David Hughes, the Alberta-based president of the Great White North Franchisee Association and one of the two plaintiffs in the case, said he believes head office issued default notices “to stop us and instill fear,” he said in an interview.

But Hughes said news of the default notices from management has boosted the association’s membership, with the franchisee group including more than 50 per cent of the Tim Hortons’ franchisees in Ontario and over 50 per cent of those in Alberta. “It’s rallied the troops.”

Tim Hortons has more than 3,500 franchised restaurants across Canada and more than 1,000 franchisees.
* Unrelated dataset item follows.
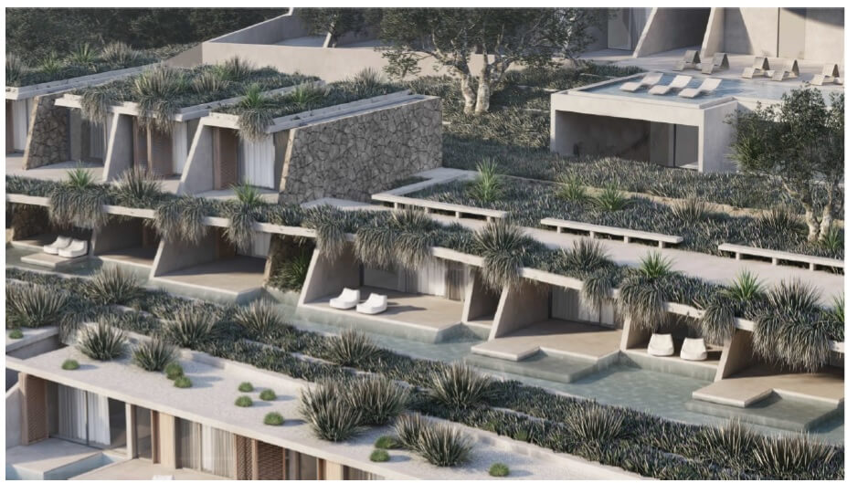 Οι κτηριακές μονάδες που θα κατασκευαστούν ανέρχονται σε 32 μονώροφες και εννέα διώροφες, εκ των οποίων οι 12 υπόσκαφες, ενώ όλα τα κτήρια έχουν φυτεμένα δώματα, με τη φύση ουσιαστικά να καλύπτει την εξωγενή παρέμβαση.

The mudslinging could tarnish the brand’s name on its home turf, experts say, if consumers and investors perceive that management is mistreating its franchisees or that the dispute is affecting restaurant service.

“Tim Hortons’ whole consumer base is predicated on the connection to communities and they have tried to remain authentic and local, even though they answer to a big corporation,” said Carl Boutet, a retail strategist with the Montreal-based advisory firm StudioRX. “The message that 3G is sending here is that they will do what is right for them instead of what is right for their franchisees.”

Les Stewart, an Ontario-based franchisee consultant, said the issuance of default notices to franchisees is highly unusual.

“This shows a predatory franchisor at its worst and it suggests (RBI) is taking a juvenile approach towards Canadian law,” he said. “It seems that they don’t understand the difference between a franchisee and an employee.”

It is not an easy legal road for master franchisors to take back healthy franchises, Stewart added.

“The Superior Courts understand how franchising works.”